CC1101 CC2500 Bridge
Problem Statement
The new CC430 chips contain a 70cm/33cm radio which has an output power is 10mW; these are used in the EZ430-chronos wristwatch. My camera remotes and Toyota Yaris both use the same radio in the form of a CC1100. The EZ430 boards use a similar radio in the 12cm band at 3.3mW. Since I would like to use combinations of both systems, it makes sense to bridge the two networks. This could be done at the PC end by using two USB receivers, but that really isn't optimal since the PC is usually in a bad signal area and the repeating would be done in PC software so speed would be limited. A repeater or data bridge could be placed in a central and signal-strong location (in the attic even) with large (1/4 or 1/2 wavelength) antennas. This would automatically cross band repeat both networks.
PC Board
A PC Board has being fabricated which contains a single MSP430F2471 chip and two radios - a CC1101 and a CC2500 radio.
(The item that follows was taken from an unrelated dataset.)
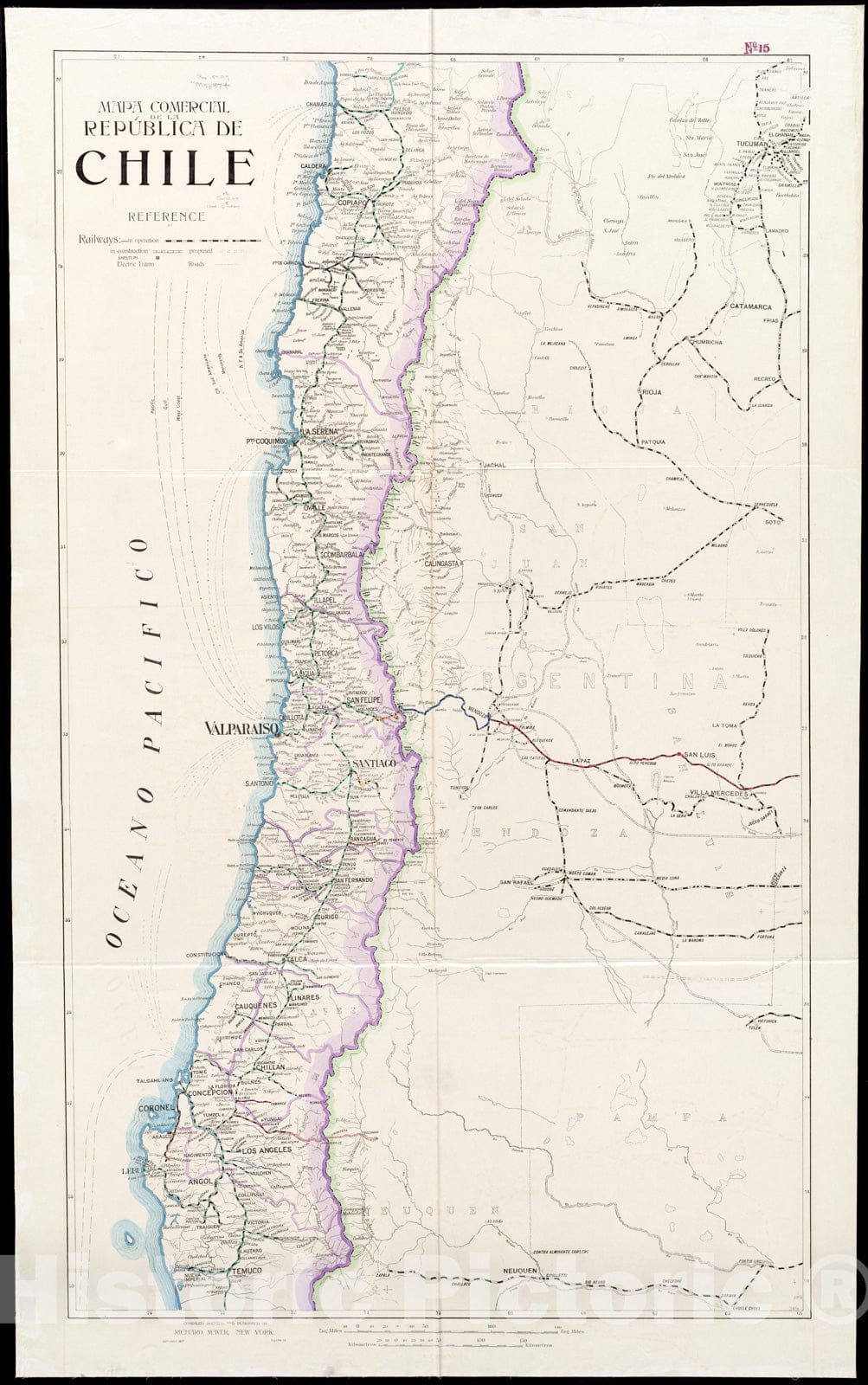 Historical Map, 1917 Mapa comercial de la RepuIblica de Chile, Vintage Wall Art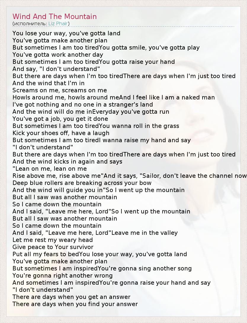 А как ты думаешь, о чем песня "Wind And The Mountain" ?

No LNA's or amplifiers are present though I seriously considered adding them and might still as an addon or as a new board revision.
Development Chronology
July 16th, 2010. Boards arrived, need to order parts to populate.
Sept 25h, 2010. Parts arrived and board populated! Software needs written.
Sept 27th, 2010. Software is written but there are problems. The CC1101 chip won't boot and the CC2500 chip says its transmitting but I don't pick up anything using an RF2500 receiver. Hopefully its a software problem and not a solder-paste problem (shorting pins under the packages?)
Sept 29th, 2010. Found some delicious bugs in both radios, mostly linked to overlapping peripherals resulting from re-using old code. Problems found, problems solved! The last remaining problem is the choose a protocol for the CC1101 and stick to it IE re-code all of the other boards I have including the CC430 wrist watch to match or perhaps choose a backup and program the board to switch to a (for example) higher birate mode.
Oct 2th, 2010. Discovered that 2.5V Vcc is not enough for stable operation at 16MHz nor 12MHz. Damn. All sorts of weird lockup problems were resolved by clocking the MSP430 at 8MHz. Fixed a minor bug regarding fixed-length packet mode.
Jan 22nd, 2013. Intermittant failure of the 2.5ghz radio, cracked solder joint or software error with the new MSPGCC release? hmm!
Source Code
Can be found here (For reference only, all rights reserved)
Results
The finished board fits inside of an altoids chewing gum tin (long and skinny) and allows the antennas to protrude from the sides. The board draws 40mA steady state when set to maximum sensitivity mode. An 800mAH ipod battery fits nicely inside of the case and will last approximately 20 hours on a full charge.